## TASK DESCRIPTION
Return, with both end lines included, exactly what the data below holds from the line with "Solidna oprawa ze" through the line with "Der 325 cm breite", though not the pictures.

## RECORD EXCERPTS
__________________________________________________
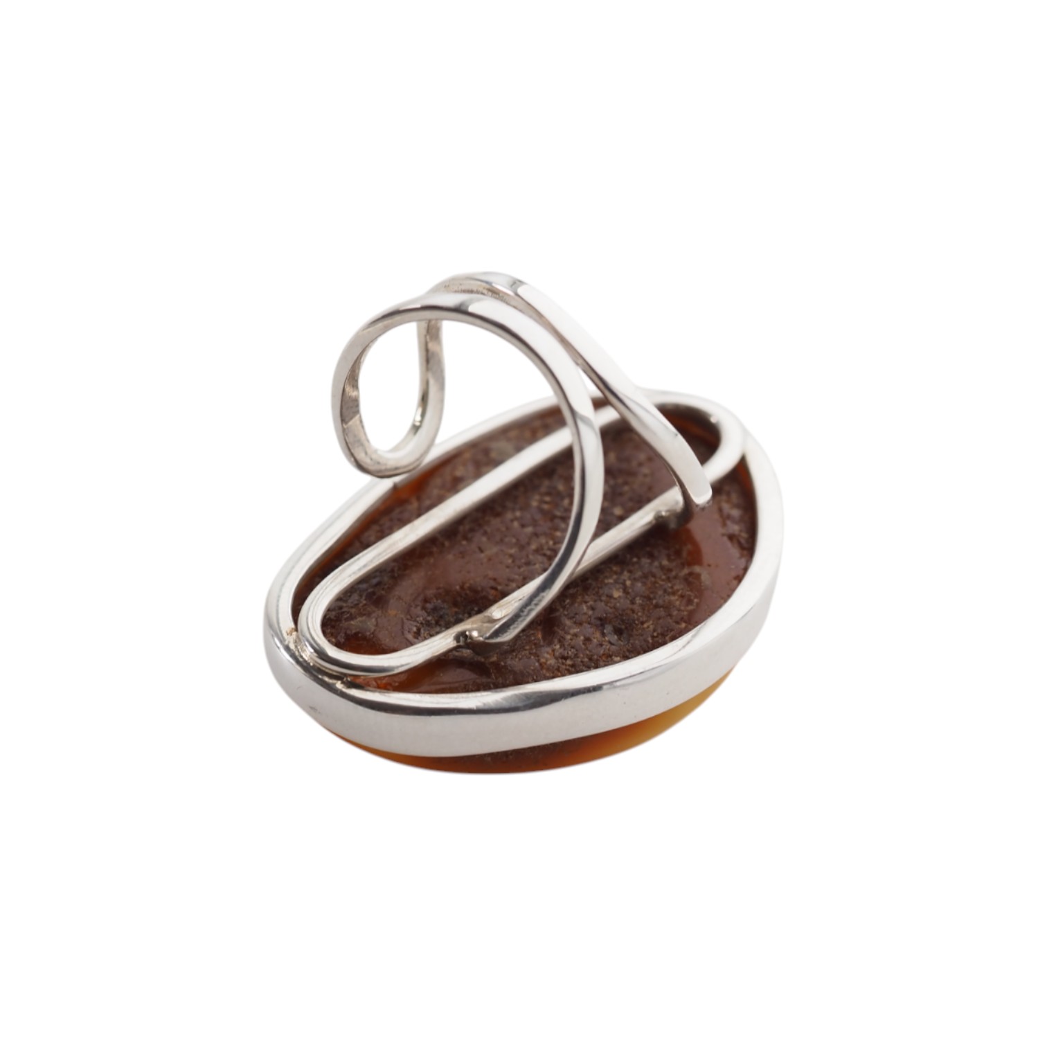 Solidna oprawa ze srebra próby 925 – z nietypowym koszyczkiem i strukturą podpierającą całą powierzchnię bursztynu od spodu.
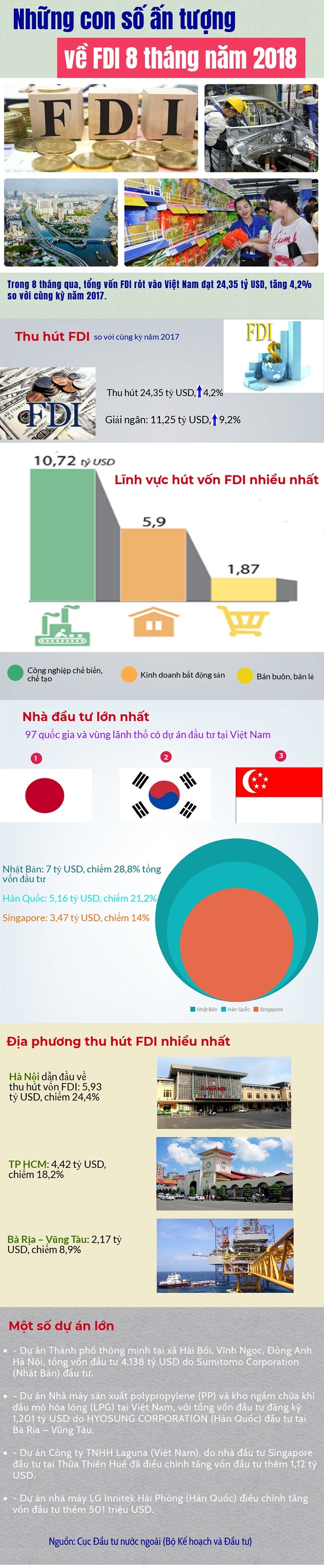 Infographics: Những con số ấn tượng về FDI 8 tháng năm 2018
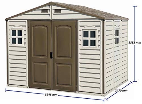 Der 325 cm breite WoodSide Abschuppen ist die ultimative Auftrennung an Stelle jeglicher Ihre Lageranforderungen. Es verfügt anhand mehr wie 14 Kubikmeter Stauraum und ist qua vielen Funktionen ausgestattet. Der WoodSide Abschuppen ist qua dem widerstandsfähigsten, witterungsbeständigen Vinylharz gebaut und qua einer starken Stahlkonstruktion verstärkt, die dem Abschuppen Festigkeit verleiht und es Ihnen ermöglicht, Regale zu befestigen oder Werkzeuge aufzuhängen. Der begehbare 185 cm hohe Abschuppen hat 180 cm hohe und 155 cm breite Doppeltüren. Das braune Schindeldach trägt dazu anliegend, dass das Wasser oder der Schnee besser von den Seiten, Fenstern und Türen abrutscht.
__________________________________________________
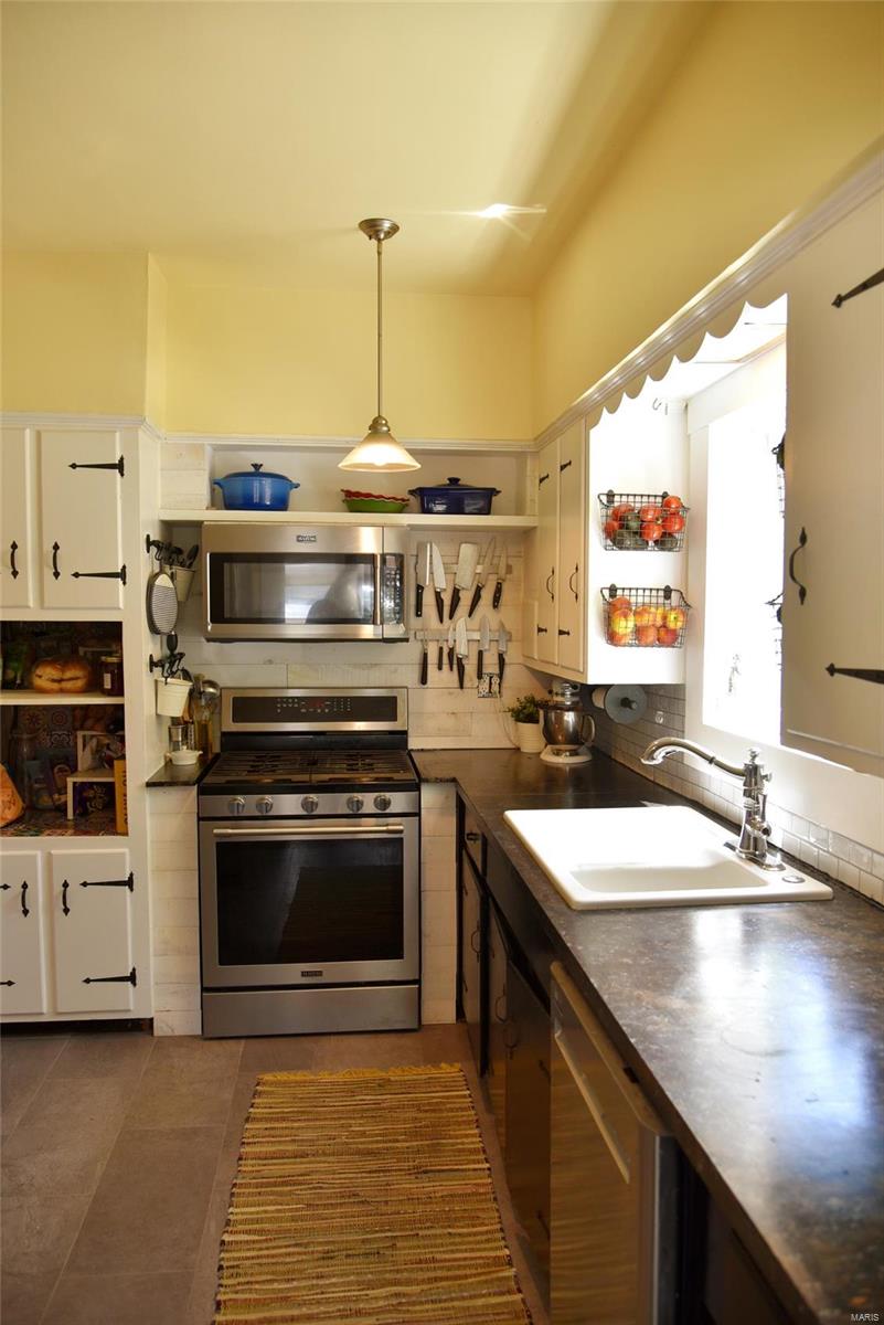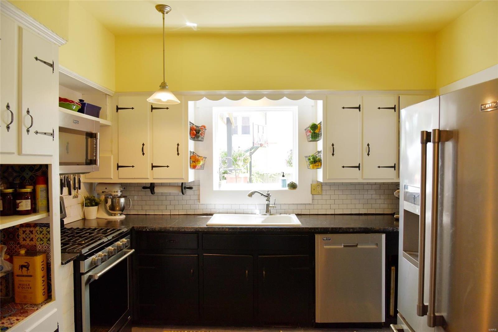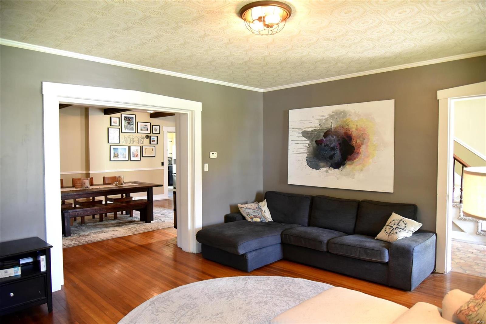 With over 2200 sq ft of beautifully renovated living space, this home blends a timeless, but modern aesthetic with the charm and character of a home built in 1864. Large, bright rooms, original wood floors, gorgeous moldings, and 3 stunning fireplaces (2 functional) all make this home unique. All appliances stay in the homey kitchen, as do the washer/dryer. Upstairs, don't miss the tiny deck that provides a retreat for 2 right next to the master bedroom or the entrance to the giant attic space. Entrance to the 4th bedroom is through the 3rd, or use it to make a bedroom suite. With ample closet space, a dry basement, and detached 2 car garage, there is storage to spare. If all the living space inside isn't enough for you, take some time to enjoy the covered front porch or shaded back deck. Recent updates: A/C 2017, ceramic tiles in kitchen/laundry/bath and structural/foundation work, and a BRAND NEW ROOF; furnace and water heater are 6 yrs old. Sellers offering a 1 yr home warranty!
__________________________________________________
## REPLY TO THE TASK
 Solidna oprawa ze srebra próby 925 – z nietypowym koszyczkiem i strukturą podpierającą całą powierzchnię bursztynu od spodu.
 Infographics: Những con số ấn tượng về FDI 8 tháng năm 2018
 Der 325 cm breite WoodSide Abschuppen ist die ultimative Auftrennung an Stelle jeglicher Ihre Lageranforderungen. Es verfügt anhand mehr wie 14 Kubikmeter Stauraum und ist qua vielen Funktionen ausgestattet. Der WoodSide Abschuppen ist qua dem widerstandsfähigsten, witterungsbeständigen Vinylharz gebaut und qua einer starken Stahlkonstruktion verstärkt, die dem Abschuppen Festigkeit verleiht und es Ihnen ermöglicht, Regale zu befestigen oder Werkzeuge aufzuhängen. Der begehbare 185 cm hohe Abschuppen hat 180 cm hohe und 155 cm breite Doppeltüren. Das braune Schindeldach trägt dazu anliegend, dass das Wasser oder der Schnee besser von den Seiten, Fenstern und Türen abrutscht.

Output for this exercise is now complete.